Aim of the exercise ->
From the line that contains "Женское лицо, покрытое" down to the final line of the listing below, set down every line exactly, both ends included, and drop the pictures.

Data excerpt ->

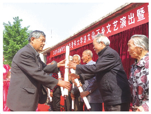 4月29日上午,山东省老年书画研究会副会长、莱芜市老年书画研究会会长何心振为莱城区寨里镇涝坡村97岁老人高立德赠送亲笔书写的“金石寿”字。莱芜市老年书画研究会副会长王克宝反哺家乡,为涝坡村65位80岁以上老人赠送亲笔书写的“寿”字,为了这65幅“寿”字,现年80岁的王克宝从书写到装裱用了近一个月的时间。同村的戴金炳也为村里14位90岁以上的老人赠送了亲笔画“富贵牡丹”。活动当天,莱芜市老年大学还为涝坡村民送去了由部分市级退休老领导参演的丰富多彩的文艺节目。
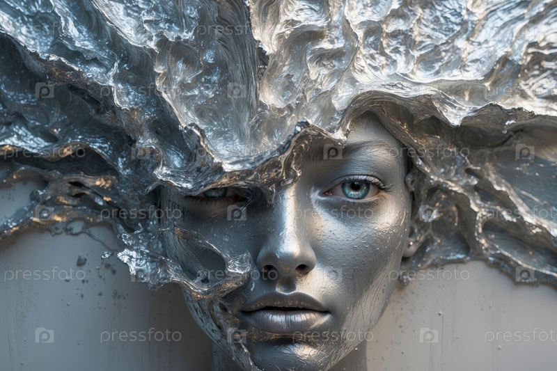 Женское лицо, покрытое серебряной краской крупный план женской красоты
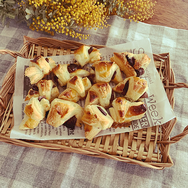 明日はバレンタインですね* 娘が作った友チョコにたくさんのいいね、ありがとうございました(*´▽`*) そのあまりのパイシートで、ミニチョコクロワッサン作りました! 明日、主人と父に渡そうかと思います(*^^*) 左のはキャンドゥで買ったジップバッグ、右はダイソーのラッピングセット(去年あたり購入)を使いました! どちらも中がツルッとした素材なので油分がしみなくていいと思います♪
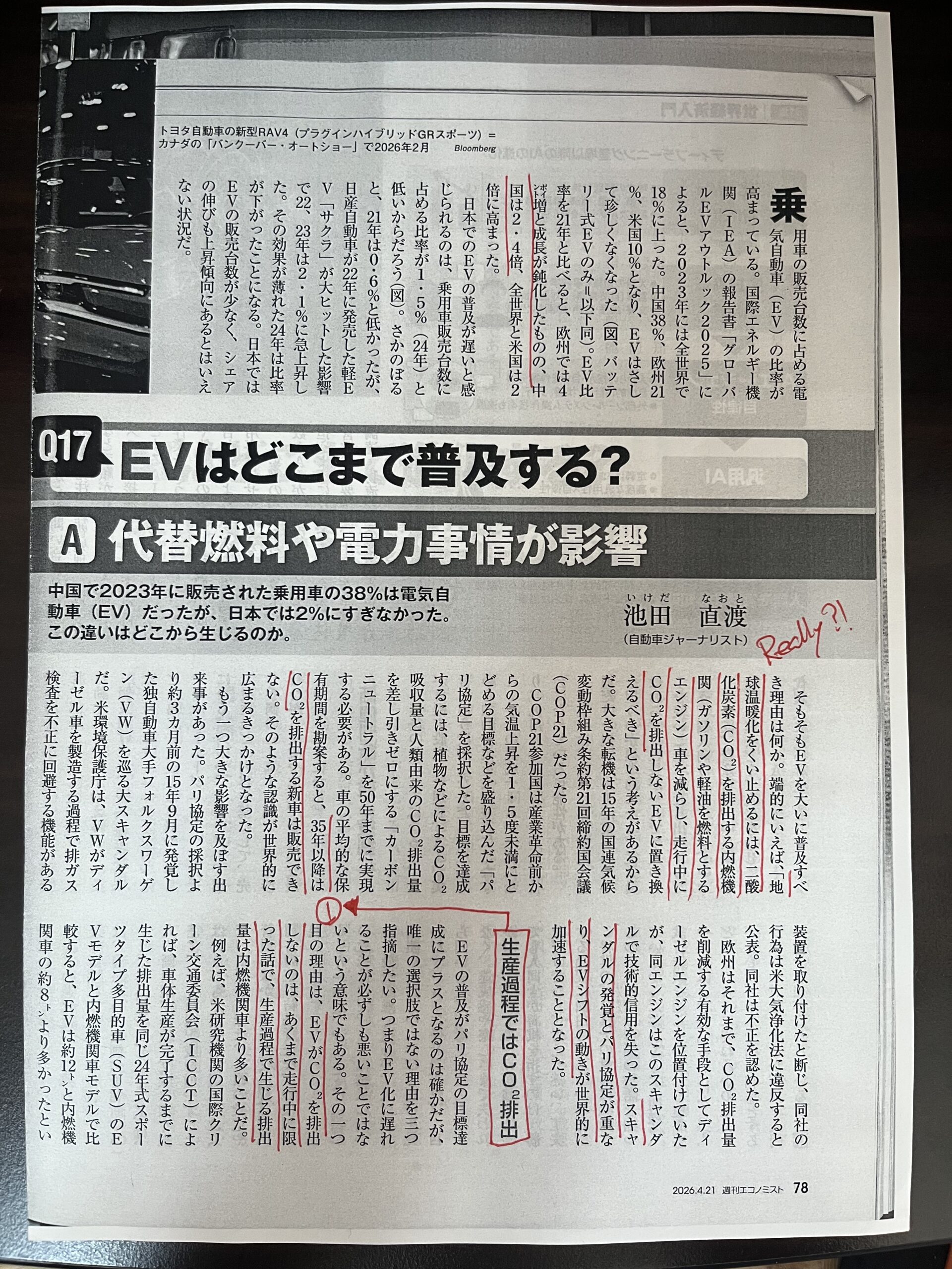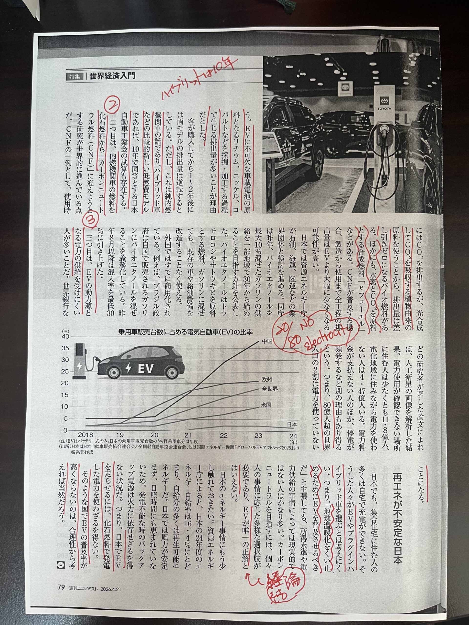 2026年4月21日号の『週刊エコノミスト』の特集「EVはどこまで普及する?」を読んだ。

Solution to this problem ->
 Женское лицо, покрытое серебряной краской крупный план женской красоты
 明日はバレンタインですね* 娘が作った友チョコにたくさんのいいね、ありがとうございました(*´▽`*) そのあまりのパイシートで、ミニチョコクロワッサン作りました! 明日、主人と父に渡そうかと思います(*^^*) 左のはキャンドゥで買ったジップバッグ、右はダイソーのラッピングセット(去年あたり購入)を使いました! どちらも中がツルッとした素材なので油分がしみなくていいと思います♪
 2026年4月21日号の『週刊エコノミスト』の特集「EVはどこまで普及する?」を読んだ。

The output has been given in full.